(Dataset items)
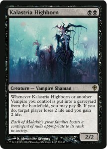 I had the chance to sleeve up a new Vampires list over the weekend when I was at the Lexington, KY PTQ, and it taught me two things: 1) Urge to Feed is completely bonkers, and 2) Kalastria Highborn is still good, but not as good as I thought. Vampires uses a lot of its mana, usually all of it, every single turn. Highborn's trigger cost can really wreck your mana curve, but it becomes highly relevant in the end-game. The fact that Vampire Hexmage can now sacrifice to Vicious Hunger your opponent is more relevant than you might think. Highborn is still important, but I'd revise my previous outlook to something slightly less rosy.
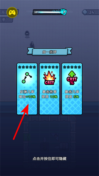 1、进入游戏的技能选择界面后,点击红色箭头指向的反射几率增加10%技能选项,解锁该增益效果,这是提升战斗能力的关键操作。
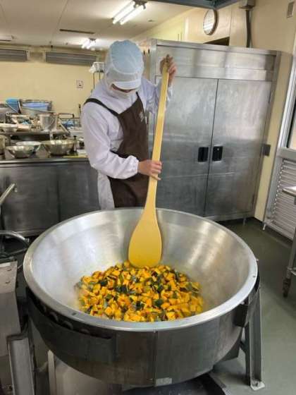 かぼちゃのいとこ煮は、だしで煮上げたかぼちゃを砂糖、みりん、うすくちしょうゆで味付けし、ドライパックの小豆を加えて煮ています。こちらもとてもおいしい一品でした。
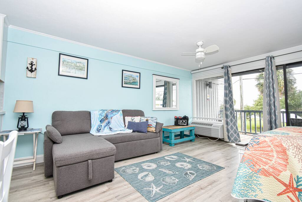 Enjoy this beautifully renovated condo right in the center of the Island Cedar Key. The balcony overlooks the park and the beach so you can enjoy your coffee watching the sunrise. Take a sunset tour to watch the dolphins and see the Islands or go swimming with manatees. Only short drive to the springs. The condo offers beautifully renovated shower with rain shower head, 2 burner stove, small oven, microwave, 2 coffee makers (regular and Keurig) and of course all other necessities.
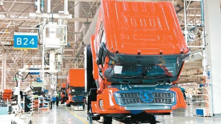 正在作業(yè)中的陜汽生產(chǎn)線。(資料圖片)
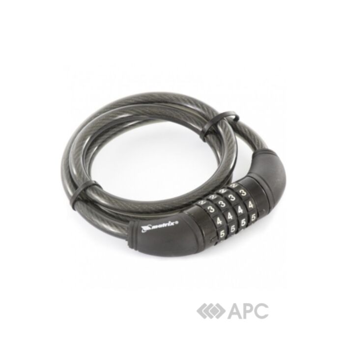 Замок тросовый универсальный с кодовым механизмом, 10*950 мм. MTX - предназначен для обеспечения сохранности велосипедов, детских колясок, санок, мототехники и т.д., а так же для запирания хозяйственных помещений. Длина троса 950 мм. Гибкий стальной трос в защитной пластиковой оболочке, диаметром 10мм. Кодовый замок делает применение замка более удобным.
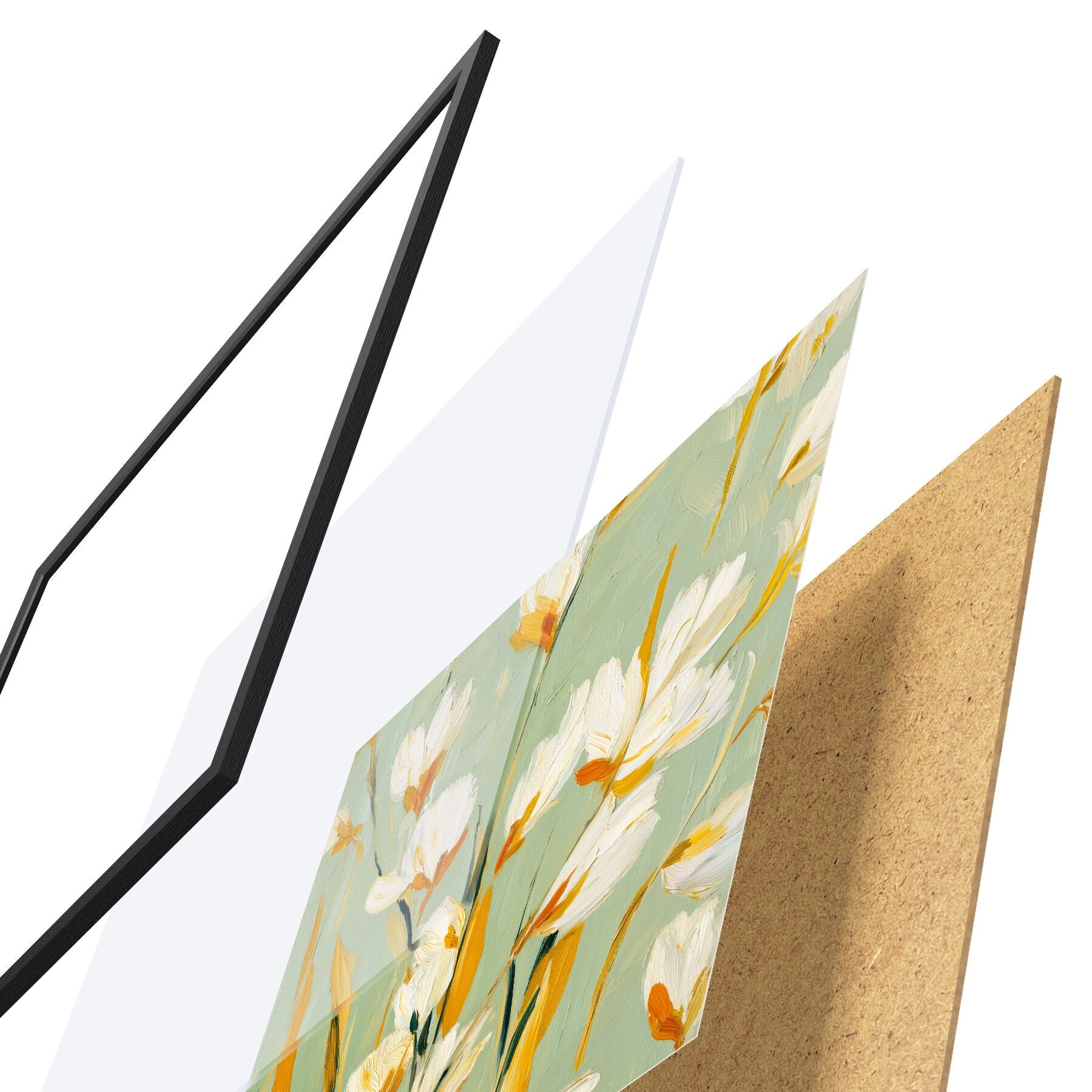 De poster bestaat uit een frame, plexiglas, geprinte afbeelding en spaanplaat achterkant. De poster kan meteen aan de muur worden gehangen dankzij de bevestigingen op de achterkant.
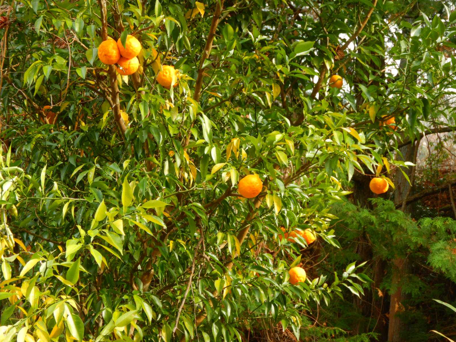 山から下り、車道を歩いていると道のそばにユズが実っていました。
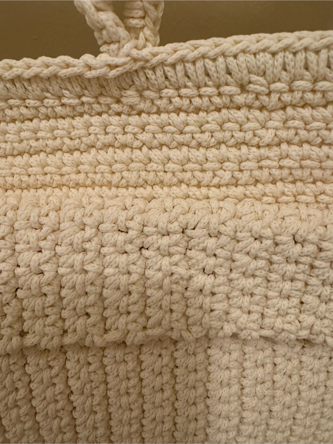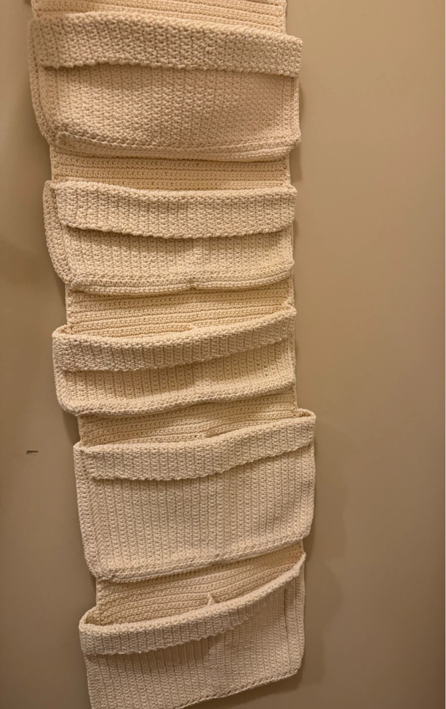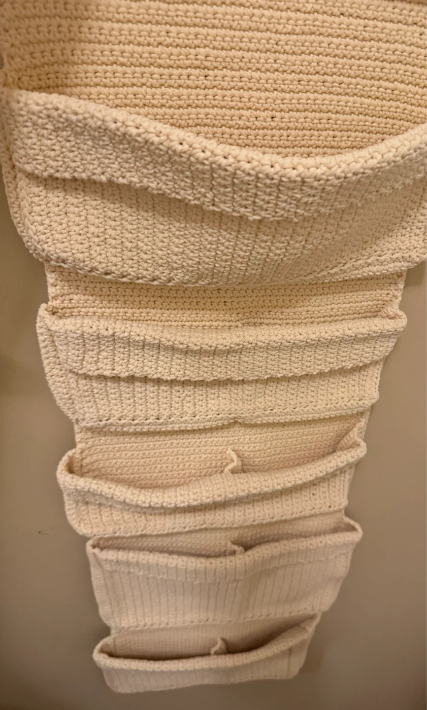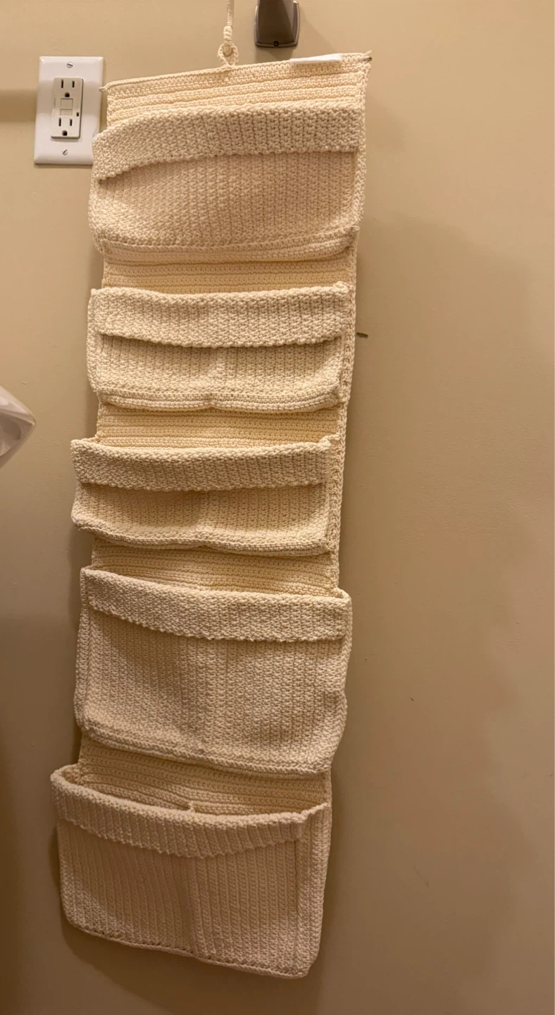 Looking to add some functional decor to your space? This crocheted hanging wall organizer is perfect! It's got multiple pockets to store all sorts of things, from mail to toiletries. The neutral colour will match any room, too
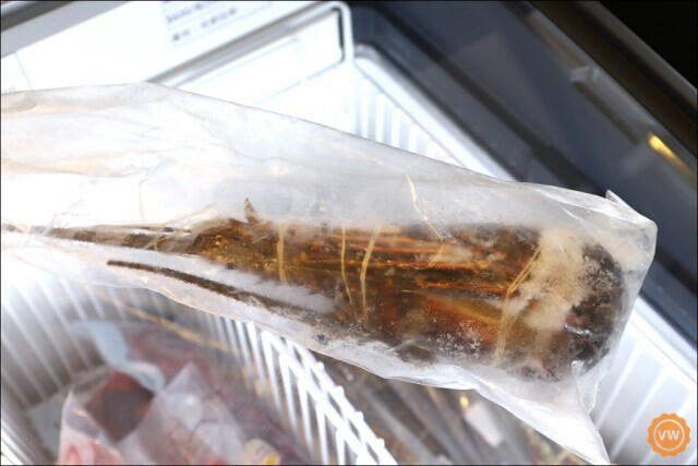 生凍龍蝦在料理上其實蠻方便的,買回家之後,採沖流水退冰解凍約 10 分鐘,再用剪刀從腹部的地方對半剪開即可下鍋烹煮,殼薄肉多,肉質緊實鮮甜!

• **TASK REQUIREMENTS**
Starting at the line that contains "山から下り、車道を歩いていると道のそばにユズが実っていました。", reproduce each line exactly through the end of the entries above, leaving every picture out.

• **YOUR RESPONSE**
 山から下り、車道を歩いていると道のそばにユズが実っていました。
 Looking to add some functional decor to your space? This crocheted hanging wall organizer is perfect! It's got multiple pockets to store all sorts of things, from mail to toiletries. The neutral colour will match any room, too
 生凍龍蝦在料理上其實蠻方便的,買回家之後,採沖流水退冰解凍約 10 分鐘,再用剪刀從腹部的地方對半剪開即可下鍋烹煮,殼薄肉多,肉質緊實鮮甜!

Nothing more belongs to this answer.